What tools did Shikamaru have? He can't catch Shino in a shadow and Shino can see through a flash bomb. He'd have to plan at the same time T8 is attacking.

You actually need to come up with the tactics yourself, instead of falling on the cheap reply of "he's smarter".



> between both shikamaru would have the much much better tactics and quicker plans achieved. shino is an imbecile when compared to shikamaru



I didn't think we were debating who was smarter. That said, Shino's tactic don't seem to be all that much lower than Shikamaru's. In fact, his fastest tactic is before a match even started. Mind you, this was before he even saw his opponent's jutsu. Yet he knew what it did, knew he could survive it being blasted to his skull, knew his bugs could stop it.

Shino had knowledge and a counter to an opponent's jutsu he never saw in an instant.

Against Kankuro.
Shino is quick to work out that Kankuro can't handle close combat. He notes that it leaves Kankuro wide open, because he has to concentrate when he uses his jutsu.

Note that he says "that's why I think you can't handle close combat...". Which means he had a hunch what Kankuro's weakness was. He made that observation just by watching Kankuro attempt to hit him a couple of times.
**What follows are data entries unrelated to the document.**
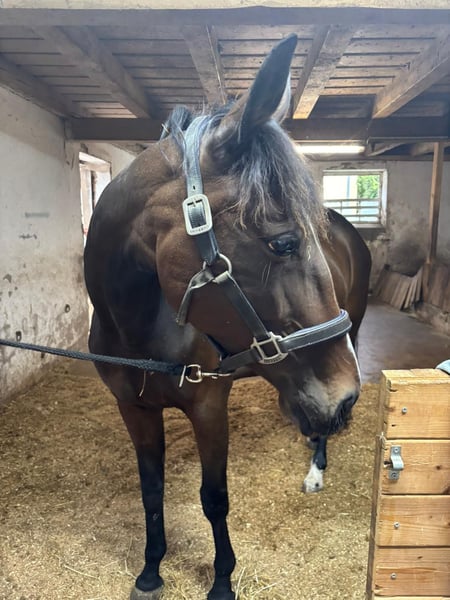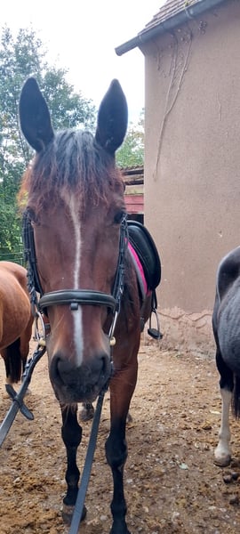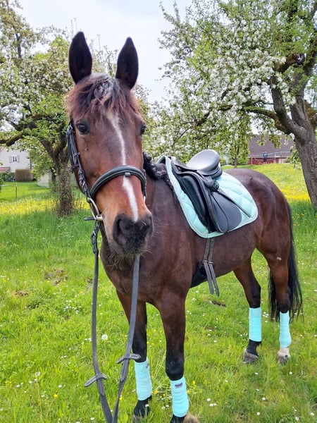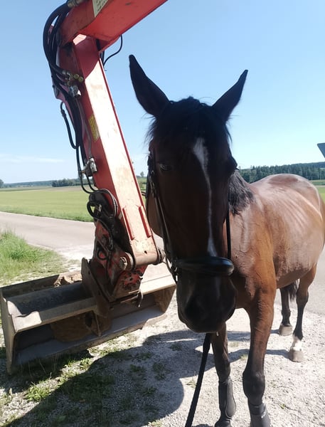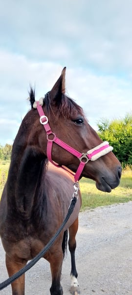 Verkaufe schweren Herzens meine Traberstute. Wegen Scheidung kann ich sie leider nicht behalten. 8 Jahre alt, 1,55cm groß. Habe sie im März 2024 gekauft. Eine Seele von Pferd. War anfangs sehr misstrauisch und ängstlich gegenüber Traktoren und anderer Verkehrsteilnehmer. Mittlerweile sehr entspannt unterwegs. Sehr aufmerksam und fleißig. Läuft an der Longe und im Gelände. Mit Kindern sehr bedacht. Meine 2 Tochter 7+4 hat sie gerne im Schritt durchs Gelände getragen. Sie lief eine Zeit lang auf der Rennbahn. Wurde dann, bevor ich sie gekauft habe, aus dem Sport genommen. Abstammung ist vorhanden. Aufgrund von Zeitmangel im Galopp nicht gefördert. Damit hat sie noch Schwierigkeiten. Wird als angeritten verkauft. Ausdrücklich nicht als Fahrpferd! Reines Freizeit-Reitpferd oder reitbarer Beisteller. Könnte sie mir gut auf Wanderritten vorstellen, dann allerdings mit Beschlag oder Hufschuhen. Steht derzeit im Offenstall mit einer Ponystute, kennt aber auch Boxenhaltung. Bei weiteren Fragen gerne schreiben. Gerne anschreiben und nicht nur merken. Platz vor Preis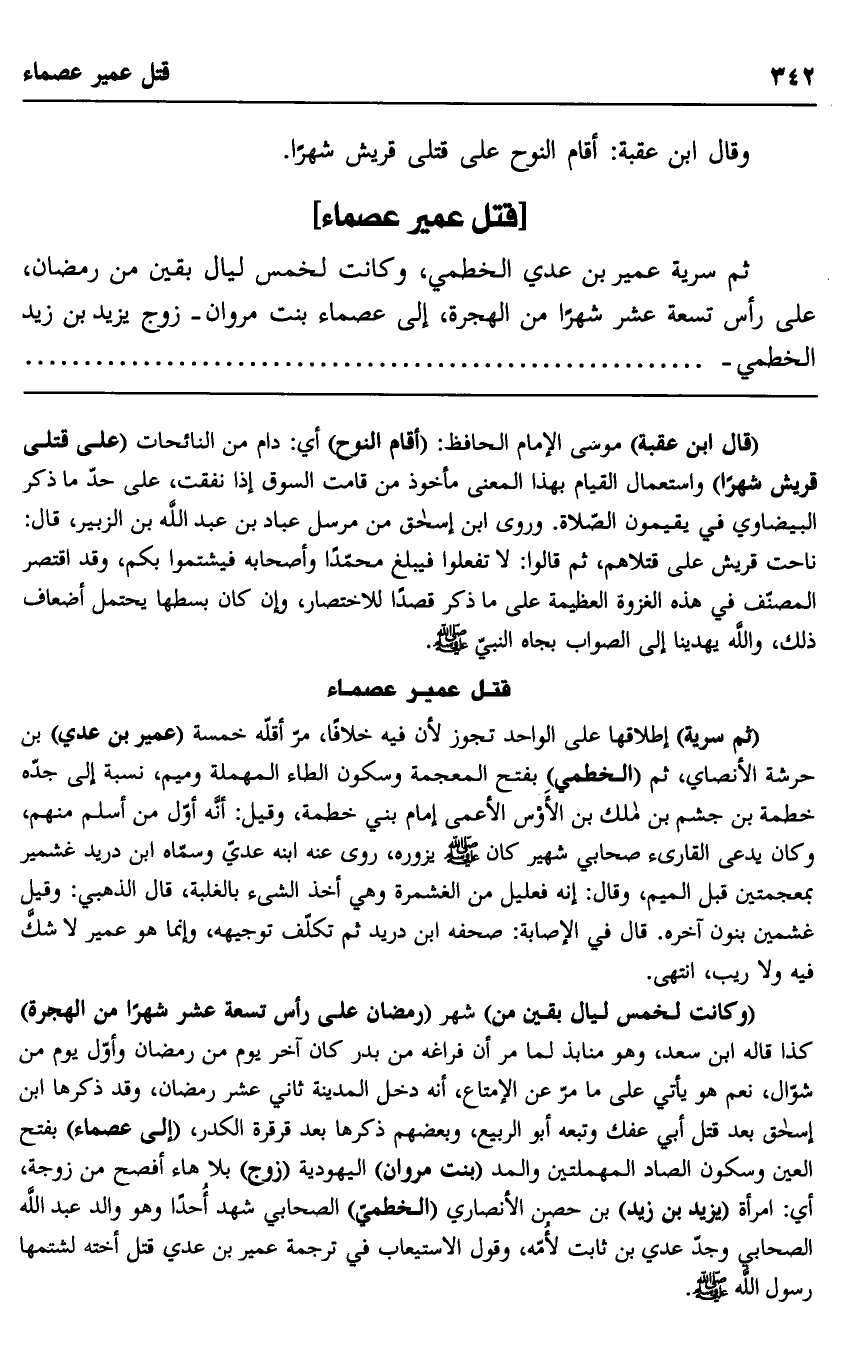 "وكانت لخمس ليال بقين من" شهر "رمضان على رأس تسعة عشر شهرا من الهجرة" كذا قاله ابن سعد، وهو منابذ لما مر أن فراغه من بدر كان آخر يوم من رمضان وأول يوم من شوال، نعم هو يأتي على ما مر عن الإمتاع، أنه دخل المدينة ثاني عشر رمضان، وقد ذكره ابن إسحاق بعد قتل أبي عفك وتبعه أبو الربيع، وبعضهم ذكرها بعد قرقرة الكدر، "إلى عصماء" بفتح العين وسكون الصاد المهملتين والمد "بنت مروان" اليهودية "زوج" بلا هاء أفصح من زوجة، أي: امرأة يزيد بن زيد" بن حصن الأنصاري "الخطمي" الصحابي شهد أحدا وهو والد عبد الله الصحابي وجد عدي بن ثابت لأمه، وقول الاستيعاب في ترجمة عمير بن عدي قتل أخته لشتمها رسول الله صلى الله عليه وسلم.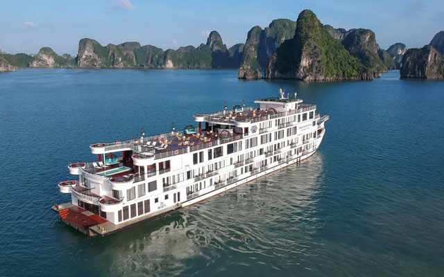 On the first day of the cruise, passengers board Ambassador Cruise 1, the largest and most luxurious vessel in Halong Bay, which boasts 46 cabins with a private balcony or terrace, twin 360-degree sundecks, a restaurant, piano lounge, bars, an open-air Jacuzzi pool, and a spa.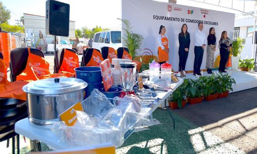 El equipo que cada escuela recibió consta de un refrigerador doméstico de 2 puertas, de 14 pies; una parrilla eléctrica de acero inoxidable empotrable, con encendido automático; una tarja de 2 tinas de acero inoxidable, que incluye llave mezcladora metálica; una alacena metálica con 2 puertas; una mesa plegable de plástico; una licuadora; una batería de peltre, con 8 piezas; entre otros utensilios.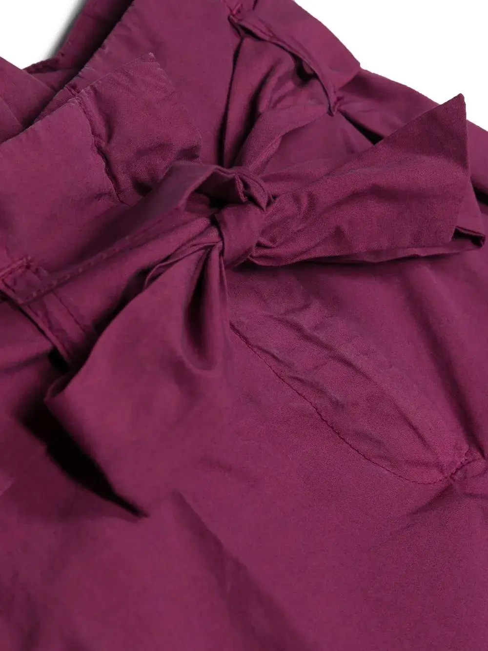 Фиолетовый, хлопок, вставка со сборками, завышенная талия, кулиска на талии, петли для ремня, складки и длина до бедер.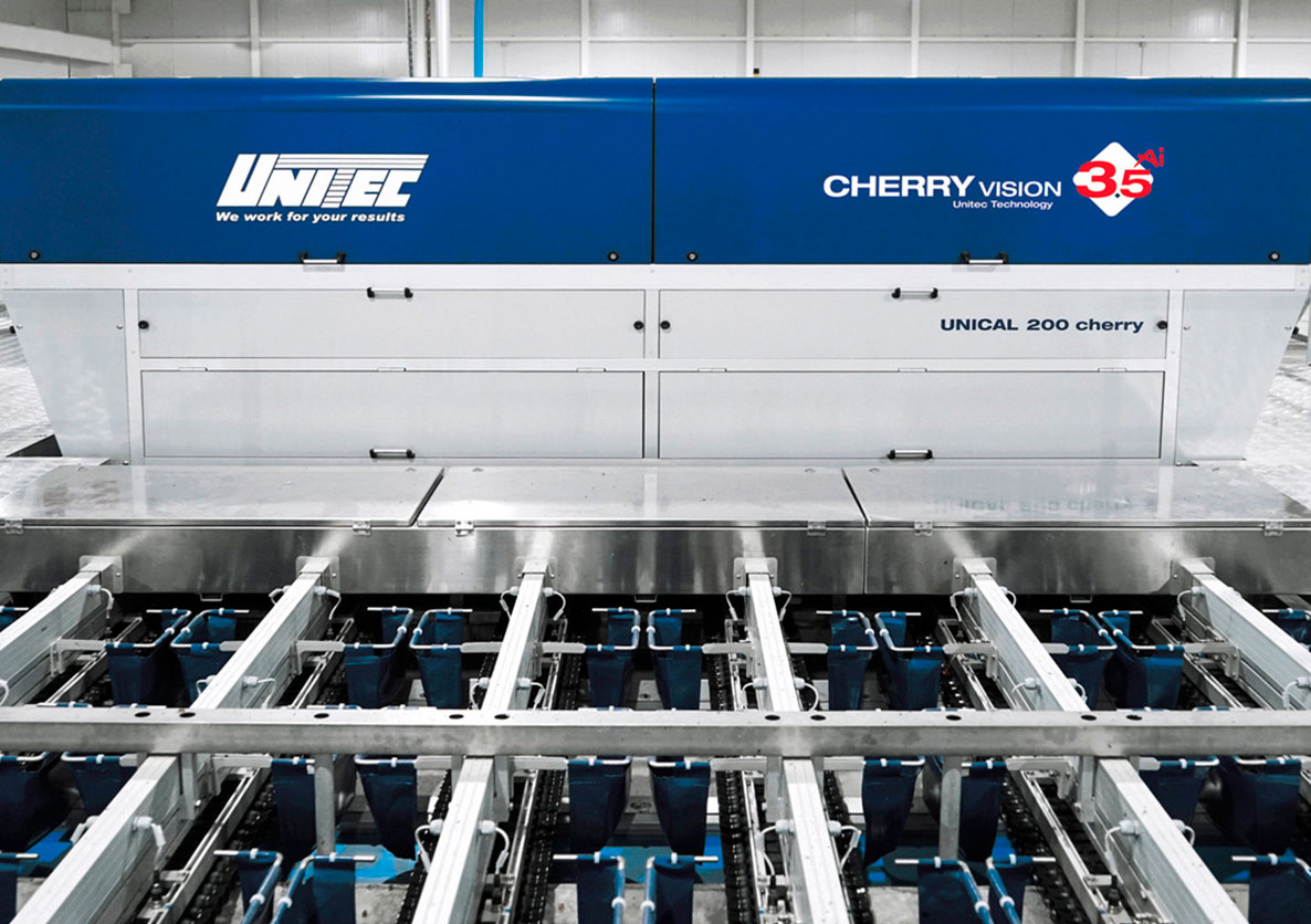 Svaki plod prolazi kroz Unitec Cherry Vision 3.5 AI: višekamerska inspekcija 360° procenjuje veličinu, boju, čvrstinu i uočava oštećenja, rezove i naprsnuća svake trešnje.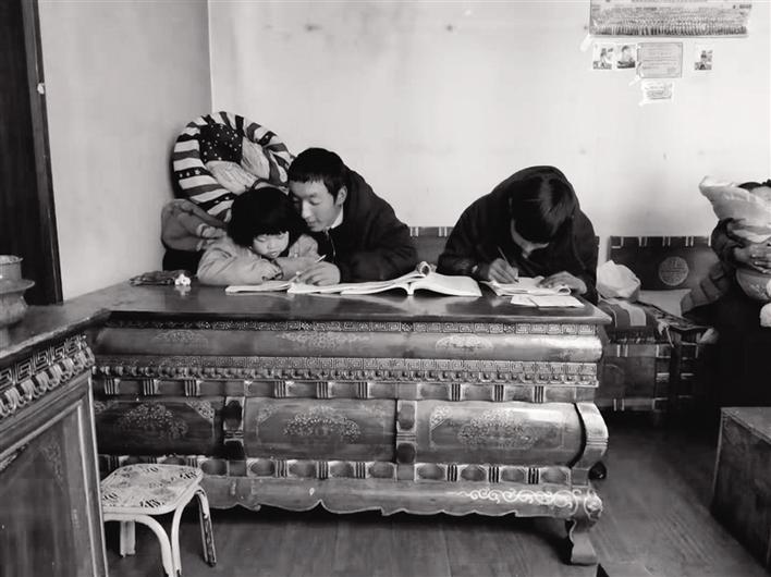 次仁羅布到縣里讀小學時,父母賣掉了村里的房子,陪他一起去了縣城,為了節(jié)省一點開支,將次仁羅布的弟弟和外甥女留在叔叔家中。到了縣城以后,他們租了一間只能容下三個人的小房子,就這樣父母陪他度過了一年的學習生活。為了改善家庭的經(jīng)濟狀況,父母也開始到各個地方擺攤做起了小生意,到處奔波了六年,才在縣城里蓋了一個小木房。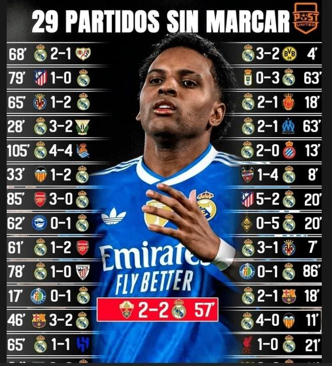 这场比赛之后,罗德里戈已经连续30场比赛、1339分钟没能取得进球,这使他在场次上追平了皇马队史前锋最长球荒的纪录。在这之前,皇马队史不进球场次纪录为马里亚诺保持,但他的出场时间则为986分钟,比罗德里戈少了足足353分钟。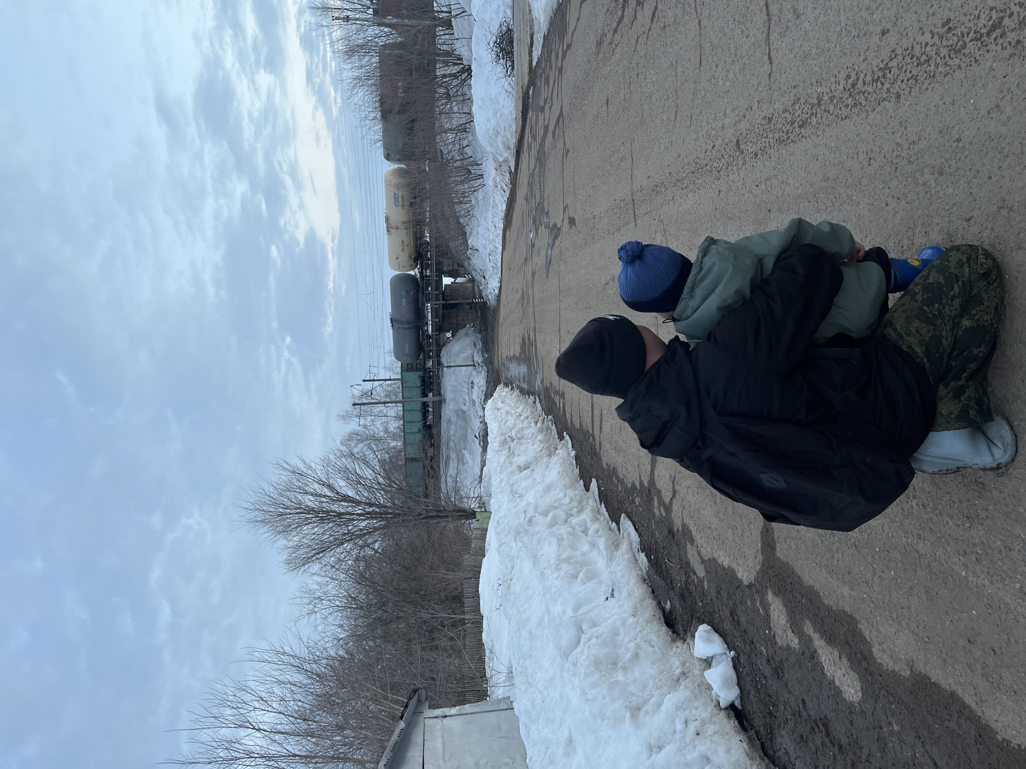 An outdoor scene in Павловка, Russia, depicts two individuals observed from behind on a worn paved road under an overcast sky. In the foreground, an adult, dressed in a black winter jacket, black beanie, and camouflage trousers, crouches or kneels, embracing a small child. The child wears a blue pom-pom beanie, a teal-colored winter suit, and blue boots. Both individuals face away from the viewer, looking towards a railway bridge. To their left, a substantial, partially melted snowdrift lines the edge of the road, bordered by a small, light-colored building with a dark roof. Bare deciduous trees and shrubs are visible behind the snowdrift and building. In the midground, a railway line crosses over a concrete or stone bridge. A train, consisting of multiple tanker cars (including dark grey, beige with "SGAT" visible, and a green freight car), is present on the tracks above the bridge. The surrounding landscape features additional bare trees, utility poles with power lines, and distant structures, indicating a semi-rural or industrial fringe area. The ground shows signs of melting snow, with patches of dark, wet earth and water.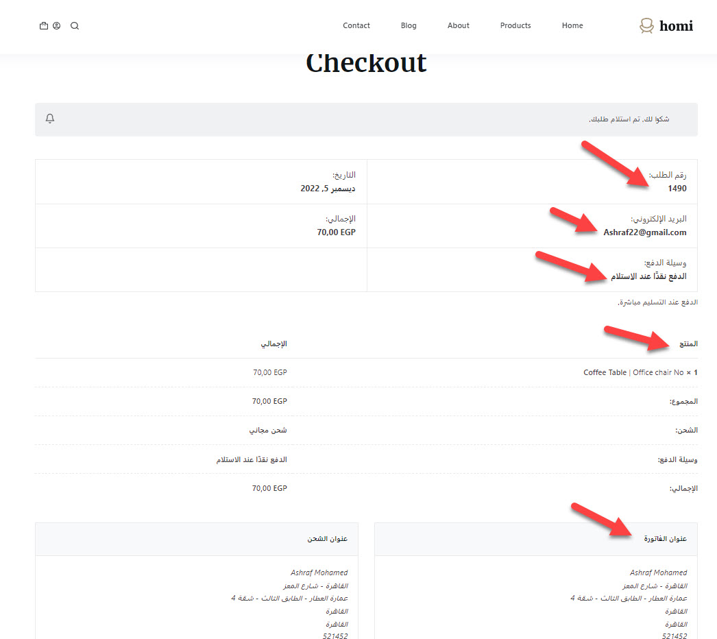 الآن إذا ذهبنا إلى المتجر وقمنا باختيار منتج من المتجر وكتبنا بيانات الشحن واخترنا طريقة الدفع نقداً عند الاستلام ثم تأكيد الطلب.

Adding to that, he already devised a tactic to counter Kankuro.

Remember that in his previous fight, Shino tanked and countered a jutsu he never saw. He seems good at predicting an oncoming attack and counting it quickly as he does the same with Kankuro when he avoids two attacks he had no warning for. Here Shino didn't know that Karasu is riddled with secret traps and hidden weaponry.

So, while he isn't as smart as Shikamaru, he has shown that his can quickly observe an opponent's weakness and provide the counter for it. And that he is no only quick in mind, but in evasiveness and reaction.



> why? master says stop u stop. whats the point of being the  master if they don't listen?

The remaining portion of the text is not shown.